:: Problem ::
From the top of the entries, reproduce each line exactly, stopping after the line that contains "Tras ser premiado". Omit pictures.

═══ Material provided

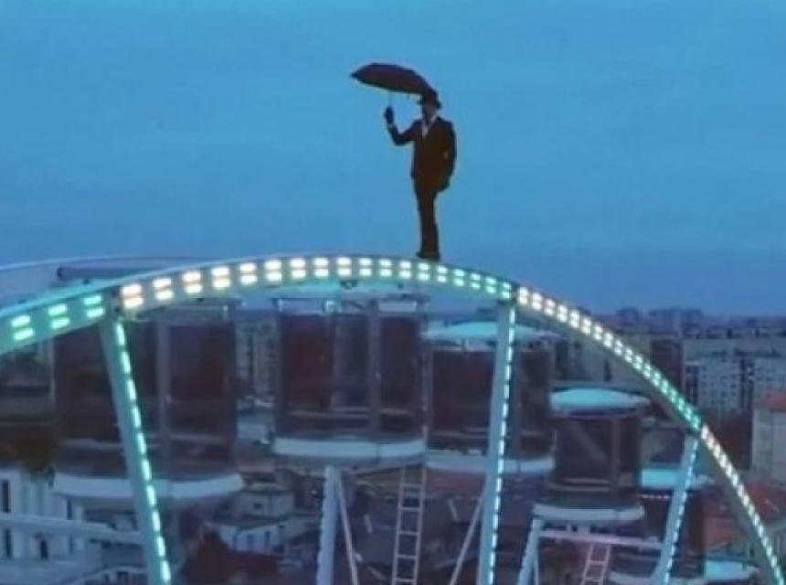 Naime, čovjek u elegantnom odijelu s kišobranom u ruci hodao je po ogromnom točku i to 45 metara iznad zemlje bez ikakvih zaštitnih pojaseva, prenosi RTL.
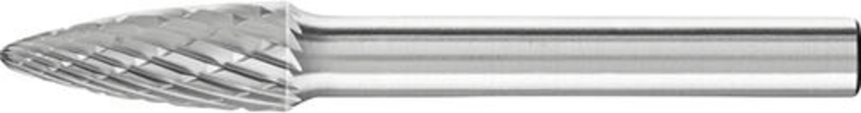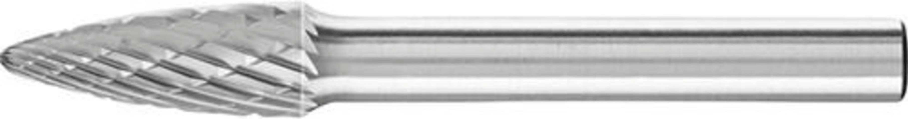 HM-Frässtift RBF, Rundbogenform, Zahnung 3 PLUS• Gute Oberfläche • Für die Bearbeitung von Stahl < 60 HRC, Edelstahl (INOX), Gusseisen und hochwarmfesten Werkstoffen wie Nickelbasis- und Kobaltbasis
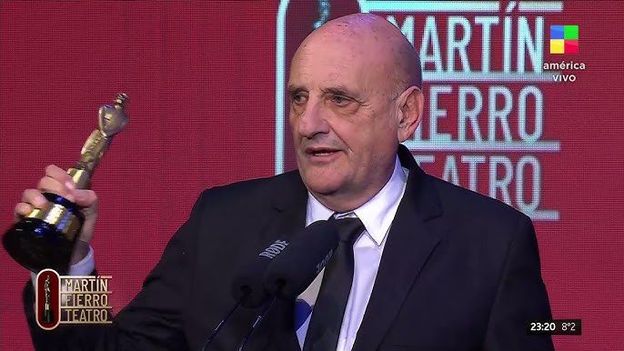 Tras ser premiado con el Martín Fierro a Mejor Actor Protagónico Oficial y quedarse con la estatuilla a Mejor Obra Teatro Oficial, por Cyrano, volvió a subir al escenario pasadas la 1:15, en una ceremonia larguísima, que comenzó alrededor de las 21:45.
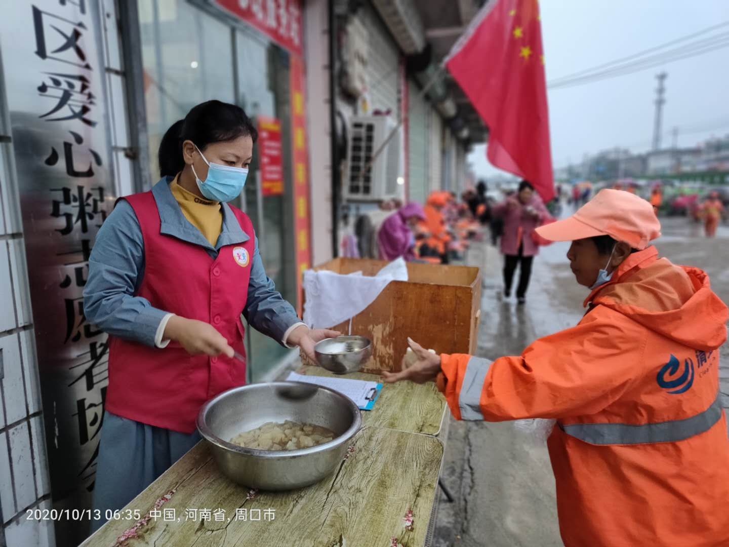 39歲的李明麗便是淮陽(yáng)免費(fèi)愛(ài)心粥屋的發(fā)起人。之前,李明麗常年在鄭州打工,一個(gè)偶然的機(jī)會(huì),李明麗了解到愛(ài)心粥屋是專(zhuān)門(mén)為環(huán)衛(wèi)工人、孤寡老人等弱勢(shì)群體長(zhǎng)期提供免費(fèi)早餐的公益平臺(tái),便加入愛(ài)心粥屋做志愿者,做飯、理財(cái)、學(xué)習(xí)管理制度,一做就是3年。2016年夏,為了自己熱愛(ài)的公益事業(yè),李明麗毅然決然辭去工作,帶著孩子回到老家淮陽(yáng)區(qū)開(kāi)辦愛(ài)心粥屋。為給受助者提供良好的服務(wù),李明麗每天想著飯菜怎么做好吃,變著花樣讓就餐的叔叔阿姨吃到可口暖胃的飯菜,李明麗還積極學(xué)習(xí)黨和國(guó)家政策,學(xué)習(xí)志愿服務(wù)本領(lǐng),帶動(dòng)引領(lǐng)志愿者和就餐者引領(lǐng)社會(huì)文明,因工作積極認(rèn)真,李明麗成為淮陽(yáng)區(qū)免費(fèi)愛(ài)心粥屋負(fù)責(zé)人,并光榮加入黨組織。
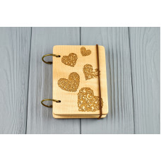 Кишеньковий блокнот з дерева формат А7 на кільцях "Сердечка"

══════

:: Written answer ::
 Naime, čovjek u elegantnom odijelu s kišobranom u ruci hodao je po ogromnom točku i to 45 metara iznad zemlje bez ikakvih zaštitnih pojaseva, prenosi RTL.
 HM-Frässtift RBF, Rundbogenform, Zahnung 3 PLUS• Gute Oberfläche • Für die Bearbeitung von Stahl < 60 HRC, Edelstahl (INOX), Gusseisen und hochwarmfesten Werkstoffen wie Nickelbasis- und Kobaltbasis
 Tras ser premiado con el Martín Fierro a Mejor Actor Protagónico Oficial y quedarse con la estatuilla a Mejor Obra Teatro Oficial, por Cyrano, volvió a subir al escenario pasadas la 1:15, en una ceremonia larguísima, que comenzó alrededor de las 21:45.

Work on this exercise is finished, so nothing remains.